2. If your product’s Wikipedia page is inaccurate, have a physician employee briefly provide additional sources or suggested edits on the “discussion” tab. I do not recommend editing the actual entry itself… instead use the vivid community that manages these entries as an objective “learned intermediary.”

3. Ensure the employee is a “badged” physician, meaning they’re self-identified as a representative of the manufacturer. Don’t hire an agency that contracts with physicians that hide their motives.

4. Document the suggested edits in the event there’s a dispute about your source or the context of your edits (although Wikipedia also captures this).

5. Fix errors or omissions whether they’re in the favor of the product or not. For instance, if a side effect is overstated… provide the accurate statement with a link to the PI. If an off-label indication is discussed (or a benefit overstated) then note that as well. This is not a place to “market” or “sell” the brand, but a place to ensure it’s accurately represented. The community will quickly observe and hold you accountable if your edits are one sided.

6. Eventually, the community will fix the entry if the facts substantiate it. If the manufacturer’s corrections are misinterpreted, then simply indicate that later in the discussion tab. Wikipedia is “self healing,” so eventually “crowdsourcing” will provide accuracy.

7. Finally, wait for the FDA letter. It won’t come if you do this honestly, objectively and transparently. Be mindful of the words of Dr.
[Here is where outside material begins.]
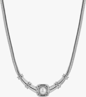 A striking puffy snake necklace with a gracefully graduated design leading to a bold centerpiece. The pendant features a smooth, rounded square with subtle grooves at its corners and delicate embedded stripes. At its heart, a natural round freshwater pearl

Jean Ah Kang, special assistant to Tom Abrams at the FDA's Division for Drug Marketing, Advertising and Communications, in charge of Web 2.0 policy development. In an podcast, Kang told Mark Senak, a Fleishman Hillard executive who runs the EyeonFDA blog: “the agency takes into account third-party involvement in social media. A key consideration would be whether the marketer, or any companies working with it, had any role in prompting user-made changes.”

8. But keep sales and marketing informed of this policy, so a frustrated employee isn’t tempted to perform rogue edits at home or work. Side effects of that behavior may include social-media humiliation, bad press, termination and the dreaded warning letter.